YOUNGSTOWN Resident works to stop cases of lead poisoning

Bill Watterson is concerned about the presence of lead in homes built before 1978.
YOUNGSTOWN -- Bill Watterson wants to get the lead out, figuratively and literally.
The Youngstown resident wants landlords and everyone else to know he will do anything in his power -- be it civil or legal -- to stop lead poisoning cases in the city.
"It's been business as usual for some of these people for so long that they only look at these regulations as nuisances," he said. "Many of these people know the system, they know how to work the system and they do it very well."
Lead is often present in homes constructed before 1978, when lead-based paint was outlawed.
Though homes can have lead-based paint, the paint must be contained though measures such as fresh coats of paint or wallpaper for homes to be considered safe.
It is primarily the dust from lead-based paint, not the chips, that are considered dangerous.
Effects of lead poisoning
Watterson, who also serves as vice president of the Judson Citizens Watch on the city's South Side, said he took up the cause of lead poisoning in the city as a concerned taxpayer.
The issue, he said, not only affects children and families afflicted with lead poisoning, but also those paying the costs associated with everything from demolishing lead-filled homes to the special education needed for children suffering from lead poisoning.
Studies show children with lead poisoning often become more violent and suffer from behavioral changes, learning disabilities, developmental delays and more.
On average, the public pays between $8,000 and $16,000 a year to educate a child who suffers the effects of lead poisoning, according to studies in the New England Journal of Medicine.
Watterson said he has seen landlords in his neighborhood take down fluorescent orange placards put up by city officials on homes deemed unfit for human habitation because of the presence of lead.
He said he works diligently to inform Neil H. Altman, city health commissioner, of violators, but from there things can get bogged down.
Both Altman and Watterson point out that many landlords who have been cited for health-code violations related to lead hazards have cases backlogged in the city's courts simply because they are not a high priority.
"I understand there is a lot of crime in this area, so it makes sense that these cases are put on the back burner," Altman said.
Altman and the city's health board also have worked to introduce new laws that would make it necessary for anyone selling or transferring a property to conduct a lead test.
Making buyers aware
While federal laws already mandate that if a property owner is aware that a structure contains lead that information must be made available to a prospective buyer, Altman said the local law only takes that a step further.

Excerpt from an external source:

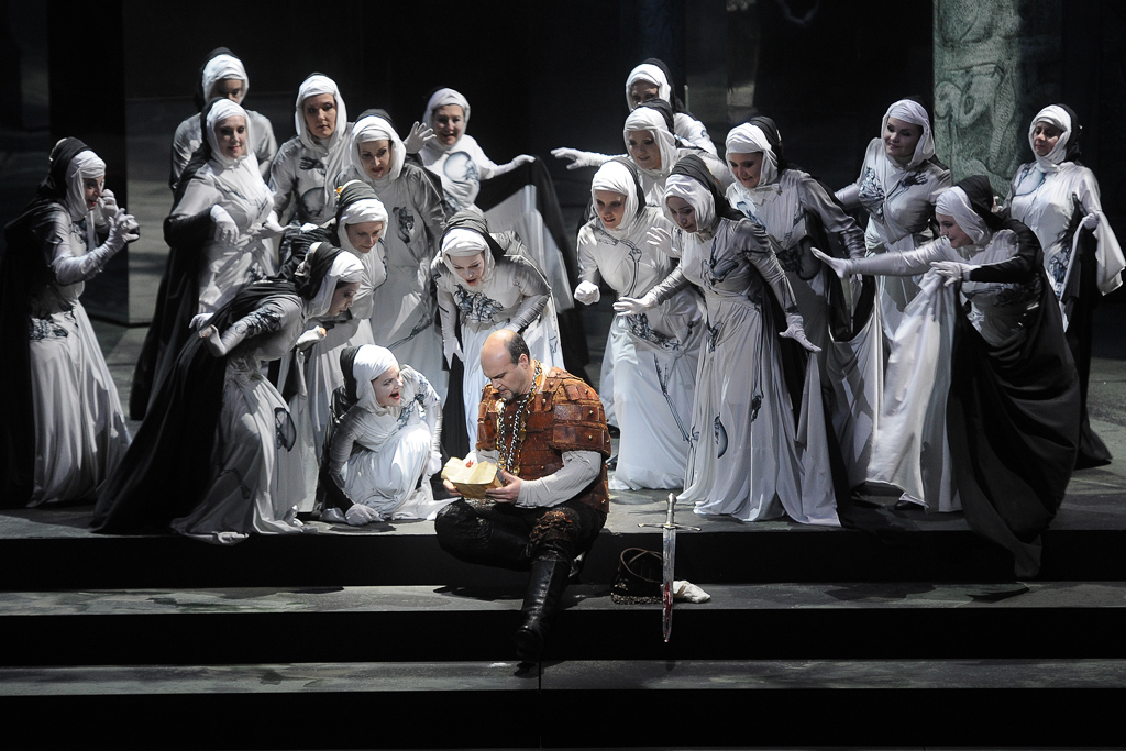 Contrairement à notre confrère, qui en déplorait le kitsch et le grand guignol, la mise en scène de Jean-Louis Martinoty nous semble plutôt devoir être mise au compte de ses réussites. Certes, la qualité de la distribution réunie à Nancy est très certainement à prendre en compte dans le succès du spectacle, nous y reviendrons. Pour ce Macbeth, heureusement contraint par l'espace scénique et les possibilités techniques plus réduites d'un théâtre de province, Jean-Louis Martinoty a su resserrer son propos et ne pas se laisser déborder par les références plastiques ou picturales ; l'exact inverse de ce qui s'était passé pour son catastrophique Faust à l'Opéra-Bastille. La scénographie évocatrice et efficace de Bernard Arnould est faite de colonnes mobiles, tour à tour miroirs, statues de palais ou arbres de la forêt de Birnam. Les sorcières sont au centre du dispositif. Femmes-Janus à double face, quasiment nonnes côté face, squelettes à tête de mort côté pile, elles sont omniprésentes et, par un savant jeu de reflets, apparaissent épiant et contrôlant les protagonistes même quand elles sont hors scène. Martinoty n'édulcore pas l'horreur de la tragédie shakespearienne, montrant sur scène Macbeth poignardant les gardes de Duncan ou l'assassinat des enfants de Macduff, mais nous épargne le sang et le gore. La version choisie est globalement celle de la reprise parisienne de 1865 mais, pour plus d'efficacité dramatique, l'opéra se conclut sur la mort de Macbeth comme dans la version florentine initiale de 1847. De même, le ballet de 1865 est omis au profit d'un page orchestrale de 1847 qui donne lieu à l'apparition de poupées monstrueuses, inspirées par le surréaliste Hans Bellmer, et qui n'est qu'un cauchemar de Macbeth. En fin de compte, un spectacle plutôt classique de facture, lisible et parfaitement respectueux de Shakespeare.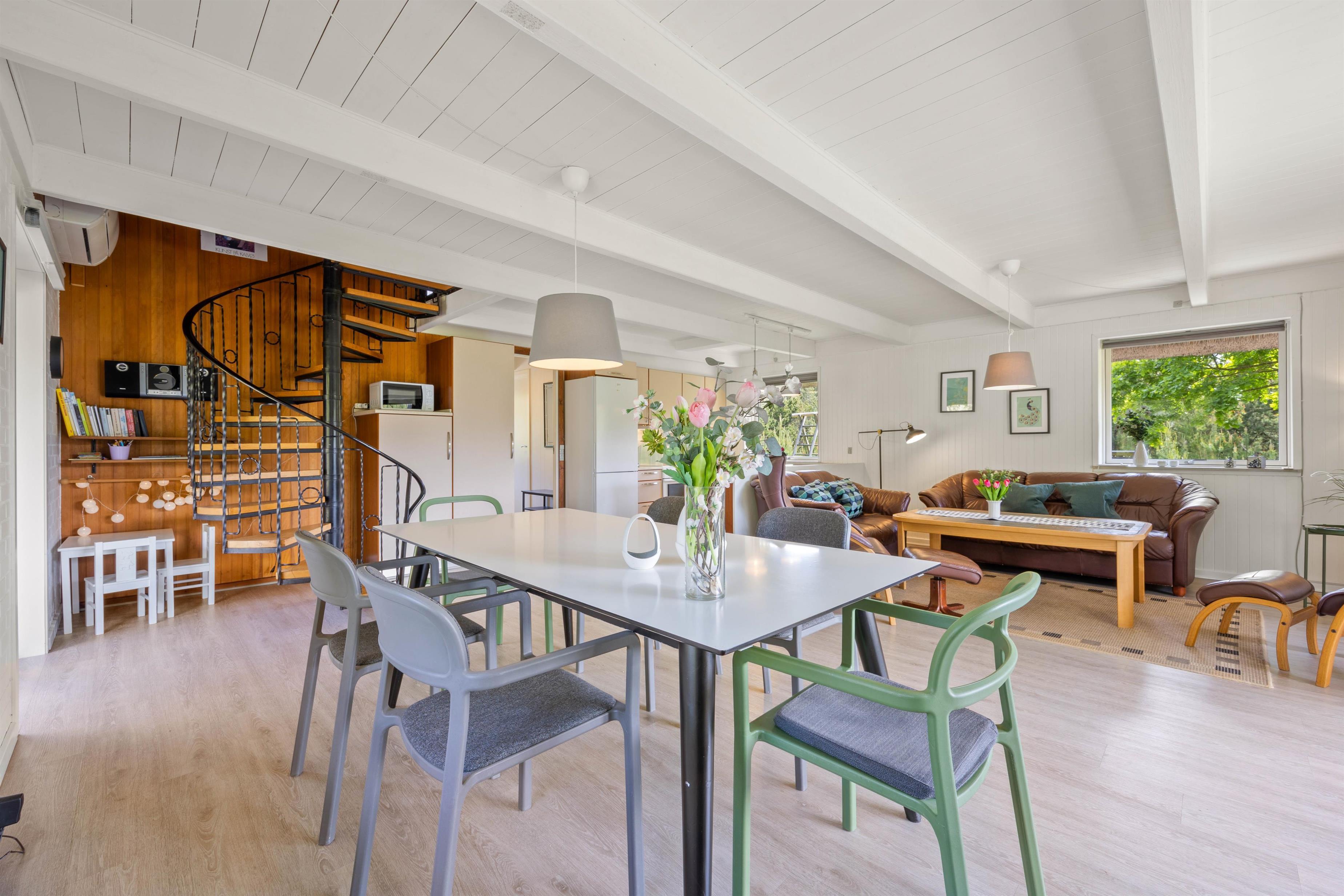 The summer house features 4 bedrooms, all with double beds. The sofa bed provides additional sleeping space for 2 people. The holiday home has 2 bathrooms, both with underfloor heating. The ground floor bathroom includes a shower.

"The federal law says 'if' they are aware," he said. "We want to make it so they 'must' be aware."
Altman said a fine of $100 and up to 90 days in jail would be imposed if homeowners fail to conduct the test, but added that the new laws would not force a homeowner to conduct expensive abatements if lead is found.
The laws received the first of three readings before the board of health more than a year ago, before then-Law Director Robert E. Bush Jr. stopped the process to check the constitutionality of the laws.
"That was over a year ago," Watterson said. "Things have gone into La-La Land, and we have not seen anything since then."
Altman said part of that is because Bush left his post to become city police chief, and the new law director, John McNally IV, needs to be brought up to speed on the issue.